▽

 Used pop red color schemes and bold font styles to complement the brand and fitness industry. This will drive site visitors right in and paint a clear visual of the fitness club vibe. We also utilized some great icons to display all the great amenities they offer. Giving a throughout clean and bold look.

△
▽

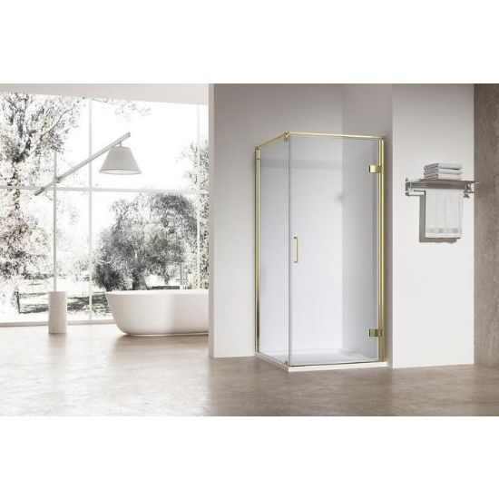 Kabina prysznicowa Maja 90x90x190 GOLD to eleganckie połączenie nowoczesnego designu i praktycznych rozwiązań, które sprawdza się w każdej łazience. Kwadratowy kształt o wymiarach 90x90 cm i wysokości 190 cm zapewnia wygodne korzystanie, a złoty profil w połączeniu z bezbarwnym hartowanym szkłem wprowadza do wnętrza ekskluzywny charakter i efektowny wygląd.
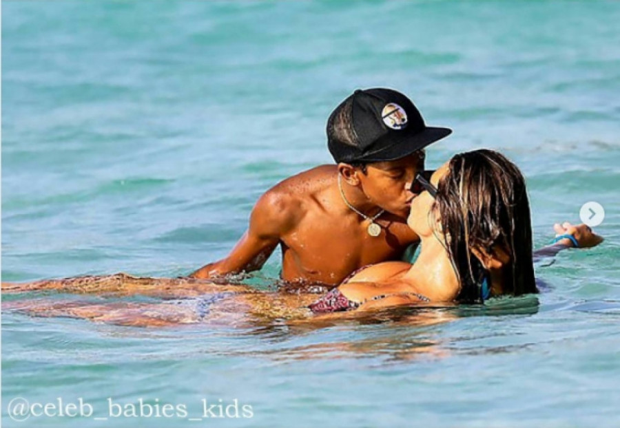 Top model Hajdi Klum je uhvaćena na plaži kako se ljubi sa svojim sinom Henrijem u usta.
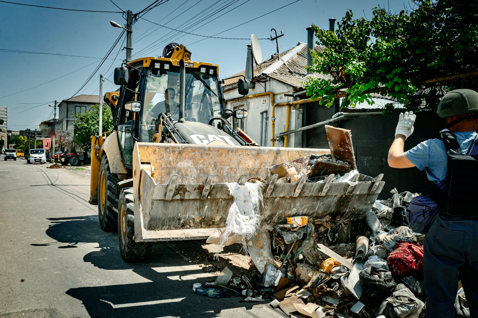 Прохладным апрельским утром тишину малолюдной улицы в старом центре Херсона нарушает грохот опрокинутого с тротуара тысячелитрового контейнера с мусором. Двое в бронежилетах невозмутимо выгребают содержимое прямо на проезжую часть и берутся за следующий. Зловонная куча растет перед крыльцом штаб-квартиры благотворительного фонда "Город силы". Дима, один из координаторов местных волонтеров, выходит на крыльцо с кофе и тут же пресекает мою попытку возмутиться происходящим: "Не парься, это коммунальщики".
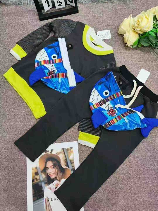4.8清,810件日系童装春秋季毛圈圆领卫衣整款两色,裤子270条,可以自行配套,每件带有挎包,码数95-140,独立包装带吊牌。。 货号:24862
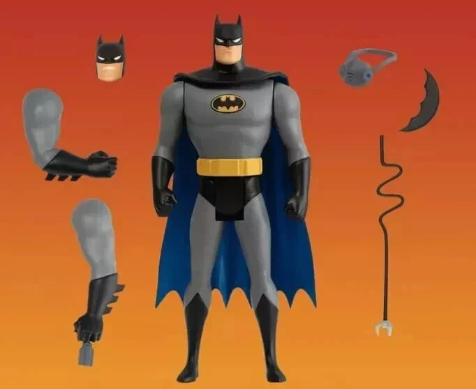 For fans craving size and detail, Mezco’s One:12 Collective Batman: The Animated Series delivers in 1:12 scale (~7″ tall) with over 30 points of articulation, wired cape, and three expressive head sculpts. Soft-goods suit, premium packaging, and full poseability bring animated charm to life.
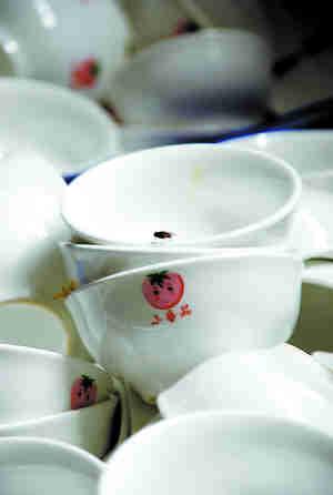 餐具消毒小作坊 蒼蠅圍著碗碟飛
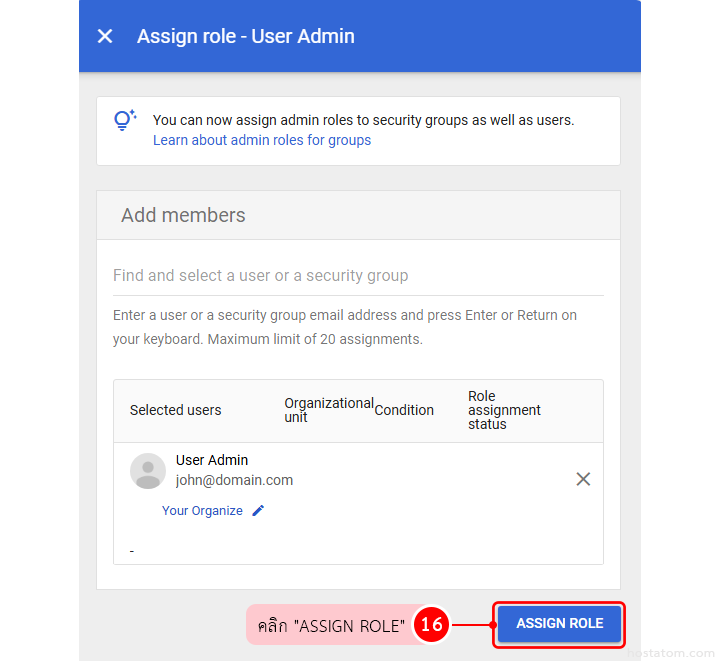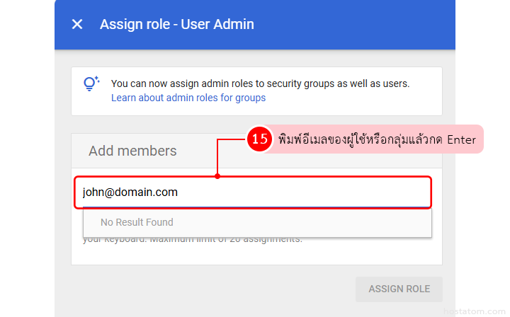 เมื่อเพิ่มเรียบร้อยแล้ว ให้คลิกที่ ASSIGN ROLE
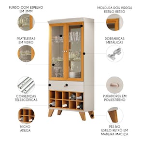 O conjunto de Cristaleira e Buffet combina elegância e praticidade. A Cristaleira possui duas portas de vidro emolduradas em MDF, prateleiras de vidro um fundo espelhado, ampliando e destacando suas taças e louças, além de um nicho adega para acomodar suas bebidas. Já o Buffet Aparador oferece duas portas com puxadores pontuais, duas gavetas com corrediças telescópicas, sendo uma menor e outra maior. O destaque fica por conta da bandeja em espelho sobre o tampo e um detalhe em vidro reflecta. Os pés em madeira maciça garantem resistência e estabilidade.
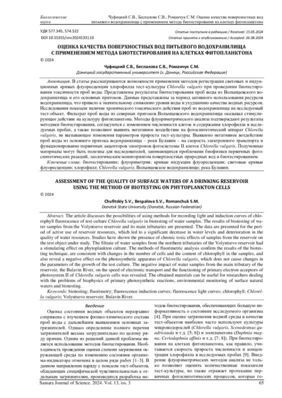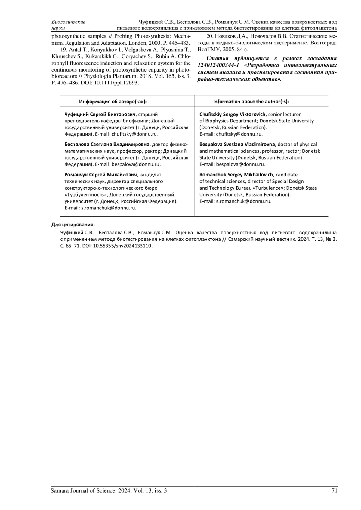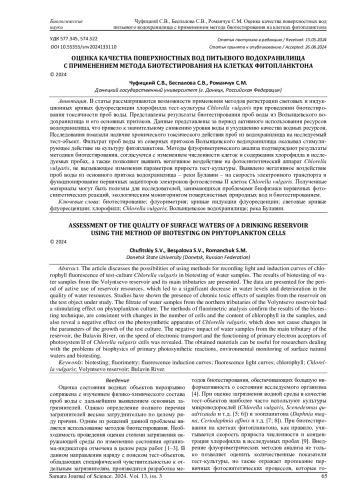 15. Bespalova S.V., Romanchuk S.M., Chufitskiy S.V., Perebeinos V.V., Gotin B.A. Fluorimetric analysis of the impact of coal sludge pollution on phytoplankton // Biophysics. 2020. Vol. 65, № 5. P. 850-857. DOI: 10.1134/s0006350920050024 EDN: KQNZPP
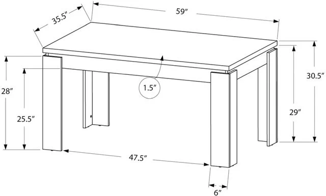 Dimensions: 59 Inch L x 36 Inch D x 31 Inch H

△

■ Task prompt
Return word for word the lines of the listing above, starting at the line with "เมื่อเพิ่มเรียบร้อยแล้ว ให้คลิกที่ ASSIGN" and ending at the line with "Dimensions: 59 Inch", both included. Pictures do not belong in the copy.

■ Answer to this exercise
 เมื่อเพิ่มเรียบร้อยแล้ว ให้คลิกที่ ASSIGN ROLE
 O conjunto de Cristaleira e Buffet combina elegância e praticidade. A Cristaleira possui duas portas de vidro emolduradas em MDF, prateleiras de vidro um fundo espelhado, ampliando e destacando suas taças e louças, além de um nicho adega para acomodar suas bebidas. Já o Buffet Aparador oferece duas portas com puxadores pontuais, duas gavetas com corrediças telescópicas, sendo uma menor e outra maior. O destaque fica por conta da bandeja em espelho sobre o tampo e um detalhe em vidro reflecta. Os pés em madeira maciça garantem resistência e estabilidade.
 15. Bespalova S.V., Romanchuk S.M., Chufitskiy S.V., Perebeinos V.V., Gotin B.A. Fluorimetric analysis of the impact of coal sludge pollution on phytoplankton // Biophysics. 2020. Vol. 65, № 5. P. 850-857. DOI: 10.1134/s0006350920050024 EDN: KQNZPP
 Dimensions: 59 Inch L x 36 Inch D x 31 Inch H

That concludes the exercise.